Когда немного схлынуло наше первое – совсем дурное и чувственное, я смогла трезво оценивать его слова и дела, узнала его и ни разу не пожалела о своем выборе. Мы с ним оба совсем даже не идеальны, и я могла быть недовольна какими-то его поступками, как и он моими, но уважала я его всегда. В том числе за профессию – очень скоро он стал для меня неотделим от нее.
Это было настоящим открытием в свое время, и даже потрясением – узнавать такие вещи. Увидеть лодку – огромную, сложную до жути, людей, которые доверили ему свои жизни. Я знала их семьи – детей, жен... По моей просьбе он несколько раз рисовал мне элементарную схему, объясняя самое простое – за счет чего лодка погружается и всплывает. Я внимательно слушала о клапанах вентиляции в позиционном положении, о кингстоне, который открывается… Смотрела на лодку в разрезе – прочный корпус, легкий корпус, а между ними те самые топливно-балластные цистерны… Но на атомоходе система немного другая, а именно – …, я поднимала взгляд на мужа и он все понимал без слов. Смеялся:
– Зачем тебе это нужно? Там все просто и надежно – не переживай.
А я переживала. Потому что они тонули – еще на дизелюхе, когда он служил старпомом. На том самом проклятом месте – за Кильдином. Мне рассказали другие – не он. Рассказали, что перископ двигается в шахте, которая в режиме подвсплытия заполняется водой. При погружении вода оттуда откачивается в трюма. В тот раз в наружном люке вынесло какой-то болт – отверстие крохотное. Но под давлением шахта заполнилась очень быстро, и тогда выдавило такие же болты в нижнем люке, который ведет в носовой отсек. Дежурный по отсеку доложил о течи. Командир уточнил:
– Размер струи?
– Карандаш… стакан… сорвало, товарищ командир.

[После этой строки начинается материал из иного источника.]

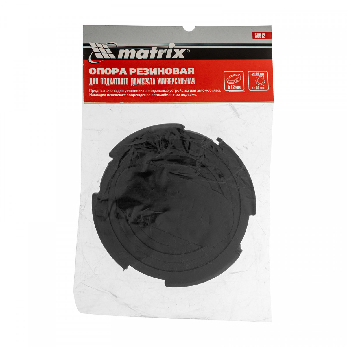 Универсальная резиновая опора Matrix 50912 диаметром 100/90 мм и толщиной 12 мм пригодится при использовании подкатного домкрата. Она надежно защищает корпус автомобиля и верхнюю опору подъемного устройства от механических повреждений. Рассчитана на эксплуатацию с моделями 51133, 51136, 51137.

– Пузырь в нос! Рули на всплытие!
На принятие решения у них иногда есть только доли секунды, и это всегда риски. Тогда лодку выбросило с двухсотметровой глубины за одинадцать секунд. С корабля сопровождения наблюдали это зрелище – она вылетела, как пробка, в воде оставались только кормовые винты.

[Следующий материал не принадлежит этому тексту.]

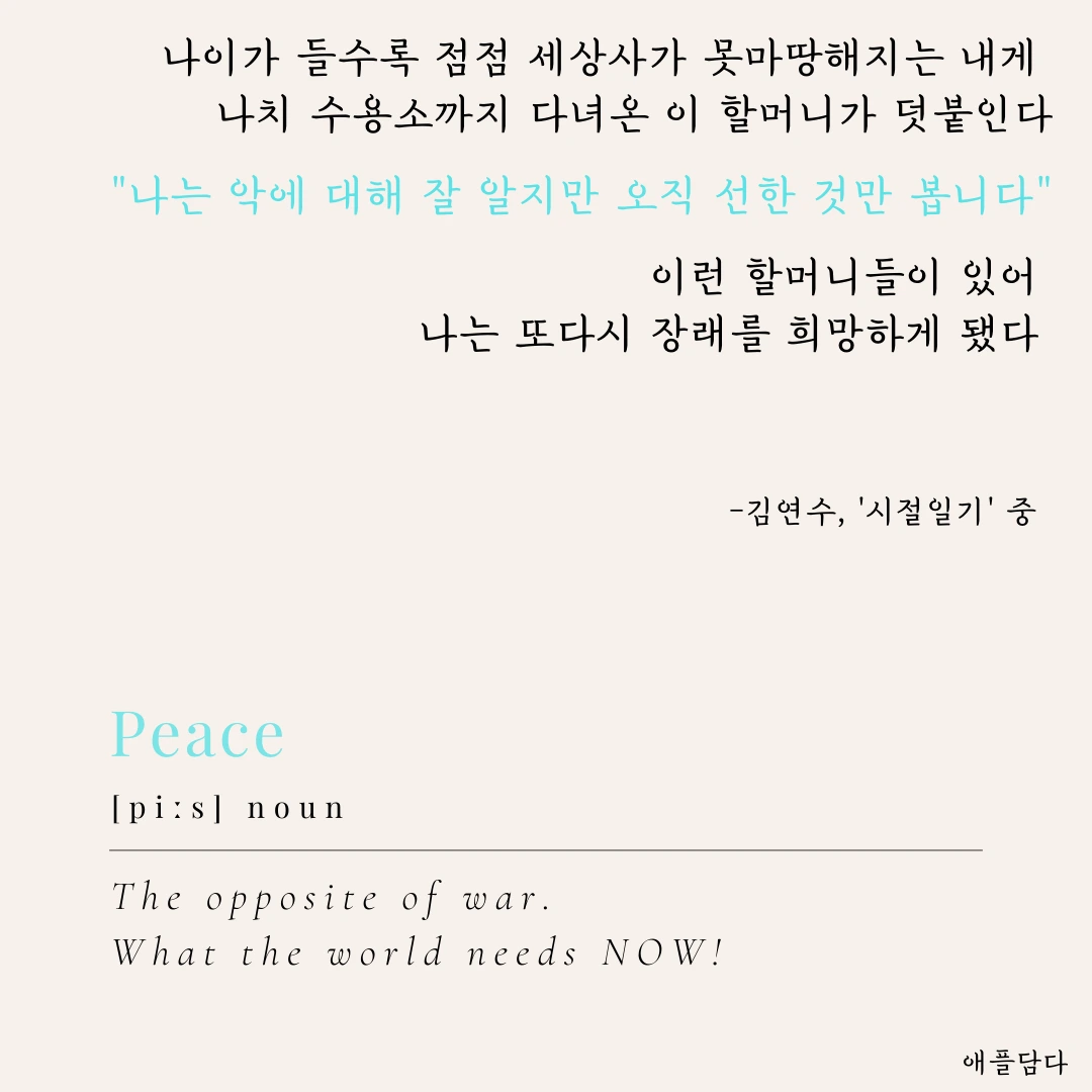 나는 전쟁을 경험한 바가 없고, 다행히도 '악'에 대해 피부에 와닿은 경험 역시 적다. 그나마 세상의 부조리를 한탄하는 정도였다. 그러기에 세계에서 일어나는 '전쟁'에 대해서 어떤 입장을 취한다는 게 조심스러웠다. 그러던 중에, 오랜만에 다시 펼친 김연수의 '시절일기'에서 내가 원하는 답을 찾은 듯해서 반가웠다.

Я выспрашивала потом Виктора – что он чувствовал? Что делал и говорил тогда? У меня вот сердце замирало от жути, будто перед глазами стояло – сильный крен, мигающие лампочки тревоги, рев воды, хлынувшей в лодку…
– Спросил командира – включать насосы или нет? Он сказал – не время еще, – хмыкнул он, будто тогда не случилось ничего страшного.
Конечно, не случилось – просто лодка стала стремительно проваливаться книзу носом в глубину. А там действительно – секунды до точки невозврата, когда уже не спасет никакой пузырь в нос. И понятно, что времени испугаться просто не было – верю. И что они все просто делали свою работу – отмечали толщину течи, следили за приборами, стояли на рулях, ожидая приказа. Ничего же страшного! Просто отмечал потом второй День рождения, а так…
Потом командиром стал он. И уже он отдавал команды, которые спасли корабль – третий День рождения Усольцева. Он умел принимать решения, не колеблясь – на службе и в жизни. Там это было необходимо, а в обычной жизни стало его натурой – принимать только твердые и взвешенные решения. И сейчас оно тоже не могло быть другим, просто он выбрал не меня. Выбрал и написал об этом. Ему сейчас плохо, наверное, и он чувствует свою вину, но если там накрыло хотя бы на десятую долю, как нас тогда… от этого просто нет спасения.
Я приму это – а куда, собственно деваться? Но при этом останется целой хотя бы моя проклятая гордость. Потому что, даже если и не любил, то уж хотел – точно, а еще считался со мной и уважал меня. Нет, в одну воронку точно не может… это просто немилосердно…
– Зая… ты не уснула? – поскреблась в дверь мама, – пошли чай пить, с кусочком сахара. У меня завалялась пачка рафинада.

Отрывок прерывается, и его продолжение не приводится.